According to the results in Section 4, the ESP32 is unsuitable for complex calculations such as those involving matrices in real-time when using Wasm. Nevertheless, in order to keep costs down, we can assign simple tasks such as reading, converting, and transmitting data from the machine interface to the microcontroller, and complex calculations can be left to more powerful devices such as the Raspberry Pi. It is also necessary to determine which device to use based on the computing power, response time, and communication distance that meets the requirements for the intended use.

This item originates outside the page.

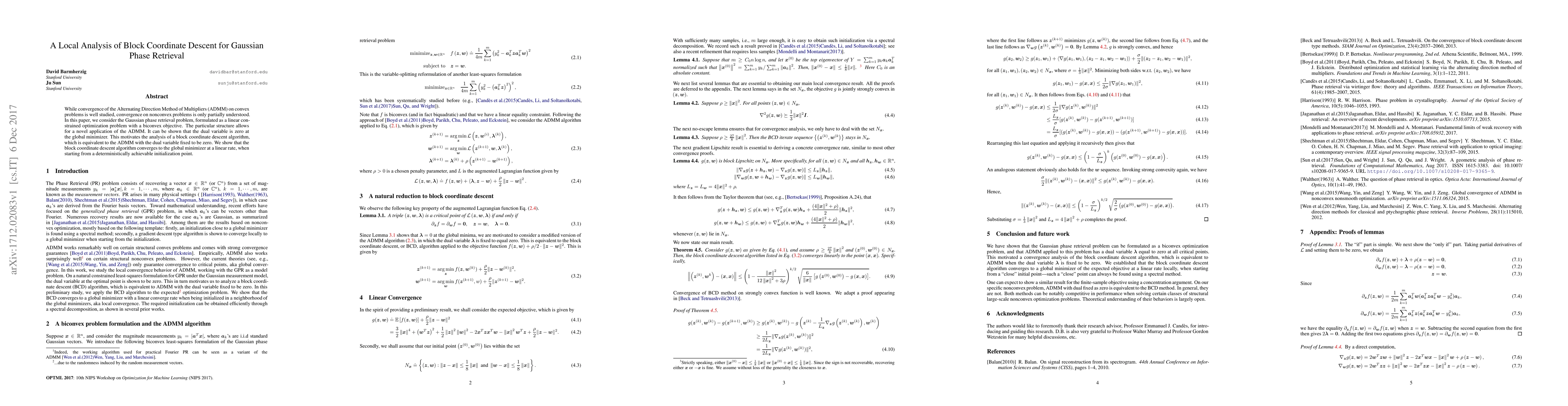 This paper investigates the convergence of a block coordinate descent algorithm for solving the Gaussian phase retrieval problem, demonstrating its equivalence to the ADMM with a fixed dual variable. It proves that the algorithm converges linearly to the global minimizer under a specific initialization condition.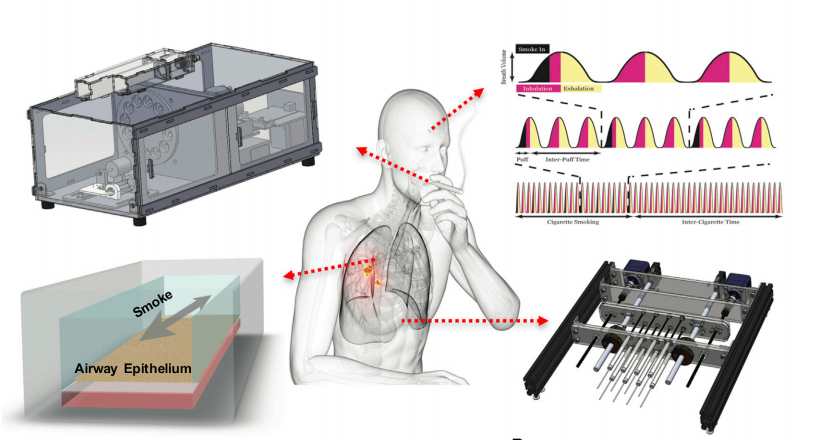 Устройство состоит из установки, похожей на барабан револьвера, в котором патроны заменили сигаретами, и небольшого аппарата искусственного дыхания, имитирующего вдох и выдох. Поступление воздуха отрегулировали таким образом, чтобы робот «затягивался» как среднестатистический курильщик. Дым попадает на небольшой чип, разделённый мембраной на две камеры. Верхняя — устлана клетками лёгочного эпителия, а в нижнюю поступают питательные вещества, необходимые для поддержания жизни клеток. Такие «органы на чипе» позволяют учёным воспроизводить работу не просто отдельных клеточных культур, но целых систем организма.

Also, one must consider security terms. BLE saves power resources, but its security level is lower compared with other standard protocols like HTTPS and Bluetooth. Therefore, attackers might target this as the entry point. For example, Lacava et al. [48] report BLE 4.0 does not prevent a man-in-the-middle attack if the Just Works mode is used in the pairing method. They also mention the potential threat of energy exhaustion and DoS attacks targeting IoT devices. Besides, BLE 5.0 has a vulnerability to key negotiation of Bluetooth (KNOB) attacks. In addition, the security of mesh networks must be considered. For example, ESP-WiFi-Mesh uses WPA2, which can be intercepted by key reinstallation attacks (KRACK) to decrypt encrypted messages [49]. In addition, one should be careful about updates after retrofitting. Newly installed devices may have the latest security measures. However, old gadgets and machines may still be using outdated protocols and encryption methods, which could be used as an intrusion route. Since the latest version may also have a security hole, one should consider adding another security system; for instance, several papers propose intrusion detection systems using machine learning for BLE networks [50, 51].

7 Conclusions

In this paper, we presented a conceptual design and prototypical implementation of retrofitting industrial machines on the edge using WebAssembly. To the best of our knowledge, it is the first open implementation using WebAssembly to make data available directly from proprietary, legacy industrial machines that do not have their own network connection. Our prototype uses AssemblyScript and the associated binding generator to pass high-level structures between the runtime and the Wasm module. Because certain features of AssemblyScript are not supported by the wasm3 interpreter, we added the necessary bindings with function calls written in C++ and Arduino. By comparing devices with distance calculation times, we found that the first function call caused overhead on all of them due to the interpreter and the JIT compiler, which an ahead-of-time compiler could improve [34]. Running Wasm on the Raspberry Pi showed that the byte code has near-native performance for the distance calculation use case.

Furthermore, we demonstrated how to update Wasm binaries on microcontrollers in mesh networks using a user-friendly way to upload new binaries over wireless networks. While our experimental implementation suffers from the limited resources and specific WiFi-mesh protocol, it shows the potential of using peer-to-peer networks in managing load balancing in edge devices with Wasm.

As future work, we plan to extend our showcase to other industrial machines within our demonstration factory. In addition to that, evaluation for more complex calculations and longer operation time is needed. The WASI standard will likely become the backbone of our implementation work, once socket connections are available. We are confident that WebAssembly will become a core component in data processing pipelines, as it can target any place in the edge-cloud continuum. In the long run, Wasm can become the catalyst in achieving a uniform development and deployment environment for Industry 4.0 and beyond.